One cycle of the runtime

The heart of the runtime is a plain loop. A message arrives, we gather context, call the model, run tools, feed the results back. Repeat until there are no more tool calls.

runtime/loop.ts

async function runTurn(session: Session, input: UserMessage) {
  const ctx = await buildContext(session, input);
 
  for (let step = 0; step < MAX_STEPS; step++) {
    const response = await model.stream(ctx, { tools: session.tools });
 
    // Stream tokens to the messenger the moment they're produced.
    for await (const chunk of response.text) {
      session.transport.push(chunk);
    }
 
    if (response.toolCalls.length === 0) {
      return session.transport.commit();
    }
 
    const results = await executeTools(response.toolCalls, session);
    ctx.append(response.assistant, results);
  }
}

Sessions and context

A session is the blob of state tied to one conversation channel: who's in it, which connectors it's authenticated against, what was said recently. We map each session to a single Durable Object — one channel = one object = one serialized executor. Half of all concurrency bugs come from "two turns hit the same conversation at once," and this mapping makes that class of bug structurally impossible.

The cheapest way to handle concurrency is to avoid it. Guarantee one executor per channel and you never need a lock.
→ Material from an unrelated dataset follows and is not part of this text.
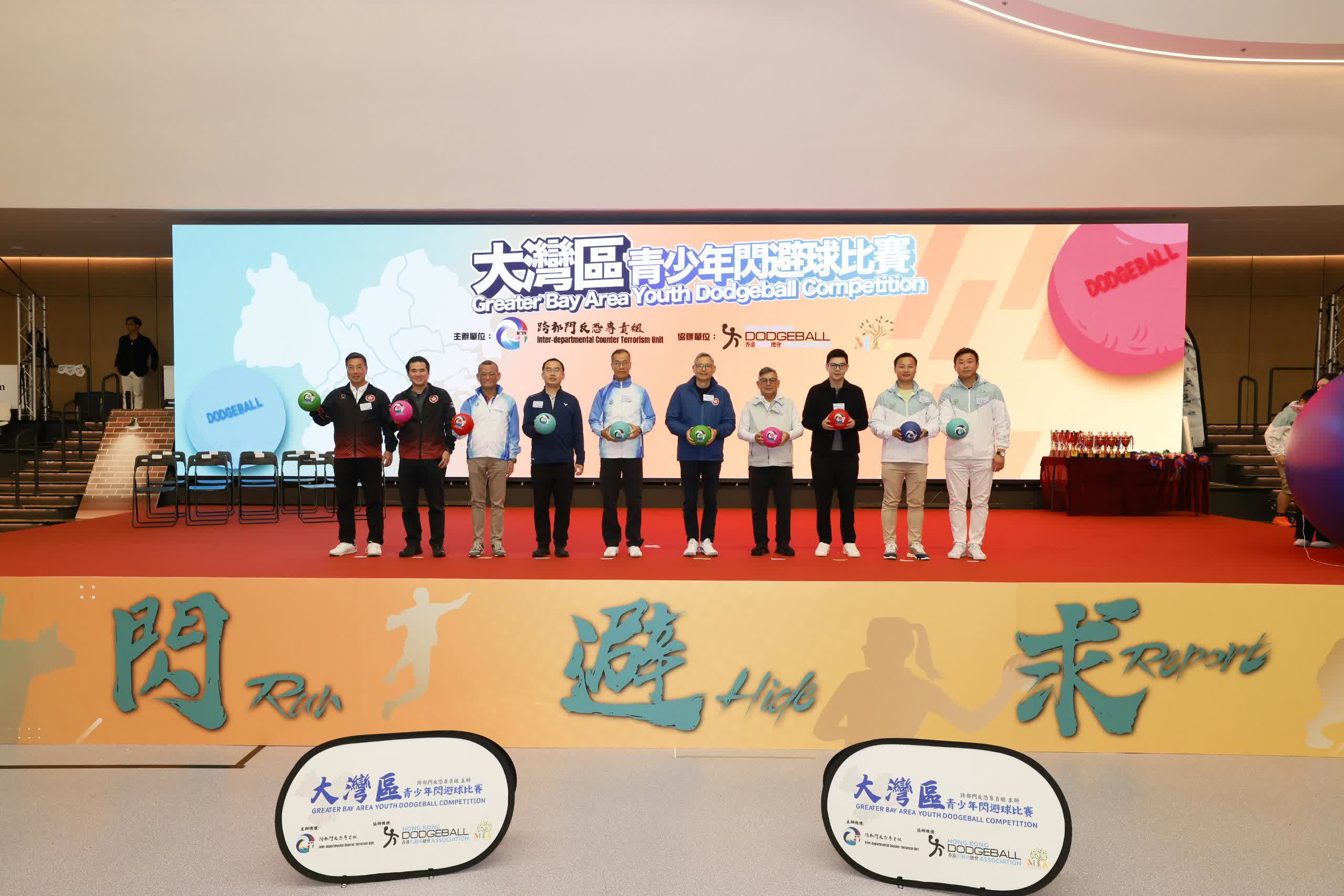 保安局副局長卓孝業、警務處副處長(行動)葉雲龍及一眾協辦機構的主禮嘉賓,為大灣區交流賽主持開球禮及頒獎儀式。

Context is reassembled every turn: the system prompt, tool definitions from active connectors, a compacted history, and any retrieved memory. As history grows, older spans collapse into summaries.

The tool-call loop

Every tool follows the same interface. Input schemas are defined with Zod and converted to JSON Schema for the model.

tools/define.ts

export const sendCalendarInvite = defineTool({
  name: "send_calendar_invite",
  description: "Send a calendar invite to attendees",
  input: z.object({
    title: z.string(),
    attendees: z.array(z.string().email()),
    startsAt: z.string().datetime(),
  }),
  run: async ({ title, attendees, startsAt }, { connectors }) => {
    return connectors.google.calendar.invite({ title, attendees, startsAt });
  },
});

Tool execution is always isolated. So that one tool's exception can't kill the whole turn, results return to the model as a tagged success/failure structure. The model can see the failure and retry, or ask the user.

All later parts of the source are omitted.